We will consider all responses and views received in response to this consultation before taking a final decision on the levy collection process. The arrangements for collecting the levy and the action that must be taken to facilitate its collection will be set out the secondary legislation. Where we refer to amending the Building (Approved Inspectors etc.) Regulations 2010 we mean amending these or any equivalent provisions in replacement regulations that may be in force when the levy regulations come into force. More detail to support local authorities in their role as collection agents will be published in guidance.
Question 3: Do you have any comments on the process for the collection of the levy, as set out above?
As set out above, we intend that a 50% levy rate will apply to works on land that is categorised as “previously developed”. This is intended to help mitigate viability concerns for developments on previously developed land where construction costs are often higher. We also aim for the approach to identifying sites that qualify for the 50% rate to be straightforward for developers and local authorities to implement.
We propose achieving these aims by providing that works on “previously developed sites” will qualify for the discount rate. “Previously developed sites” will be those where the area within the planning permission redline boundary consists of more than 50% previously developed land types. The detail of the types of land that are considered “previously developed” will be set out in the levy regulations. We anticipate that these levy land type classifications will be similar to the urban habitat types (for example.. buildings, hard standing, bare ground) used for the Biodiversity Net Gain which is being introduced[footnote 1]; therefore, developers and local authorities will become familiar with the approach required and, in many cases, will have the information readily available. We propose that all development on previously developed sites will qualify for the discount rate.
Where a developer considers that a site is a previously developed site the developer will confirm this as part of information provided for calculation of the levy and provide appropriate supporting evidence. We will set out in guidance how developers can evidence this. Qualification for some sites may be self-evident (for example, an old industrial site which is redeveloped to blocks of flats). For sites that contain a mixture of previously developed land and other types of land developers will need to provide more evidence, such as a plan. For this purpose the baseline bio-diversity net gain data that will have been gathered at planning stage (such as pre-development habitat maps) can help.
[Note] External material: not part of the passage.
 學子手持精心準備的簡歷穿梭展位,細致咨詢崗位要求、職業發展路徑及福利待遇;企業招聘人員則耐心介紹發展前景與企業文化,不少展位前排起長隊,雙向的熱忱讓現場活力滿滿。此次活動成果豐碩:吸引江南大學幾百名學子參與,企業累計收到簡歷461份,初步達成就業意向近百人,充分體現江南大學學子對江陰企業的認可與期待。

Question 4: Do you have any comments on the proposed approach to identifying previously developed land and application of the 50% rate?
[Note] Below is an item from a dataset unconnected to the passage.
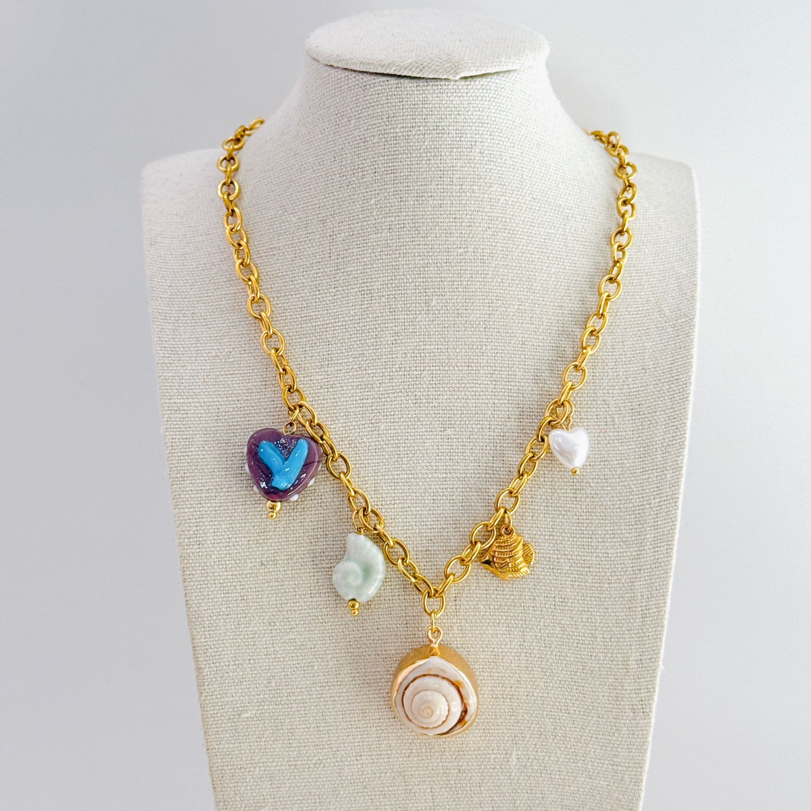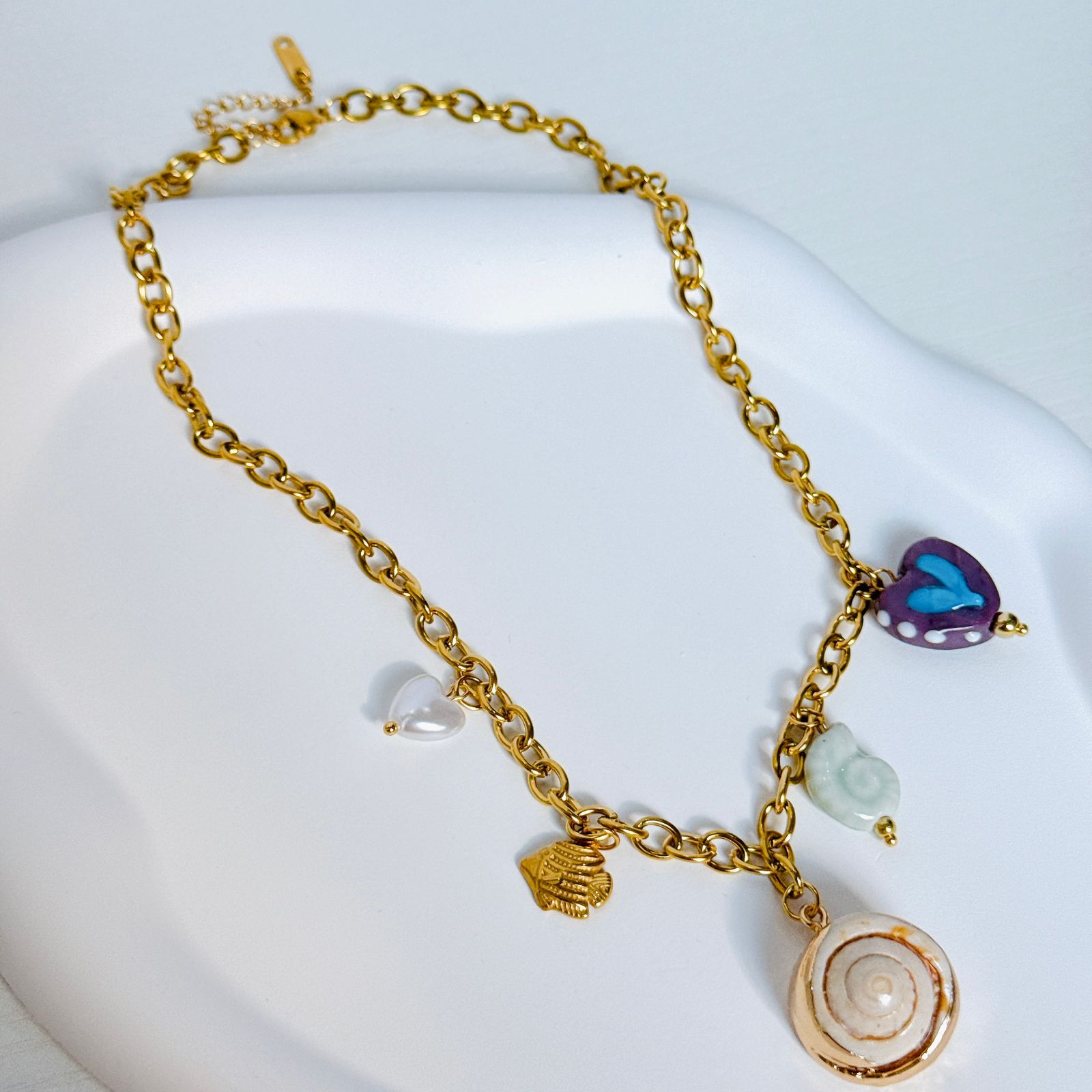 COLLAR ESLABON MULTI CHARMS CARACOL CAFE

Do you think that, to qualify for the discount rate, more than 50% is the correct threshold the area within the planning permission redline that must constitute previously developed land types?
We will set out the full information requirements for the calculation of the levy liability in regulations and guidance. Local authorities will need to be satisfied that information provided by the client is sufficient for the purposes of calculating the levy liability.
Local authorities will also be required to keep appropriate records of levy payments. Management information will need to be returned to central government on a quarterly basis, along with the levy revenue collected. Further details of the information required and process for transferal of funds will be set out in regulations and in guidance.
Chapter 3: Disputes
We believe that keeping the levy calculation and collection process as simple as possible will reduce the scope for disputes. However, we are aware that disputes over the calculation and/ or payment of the levy may occur.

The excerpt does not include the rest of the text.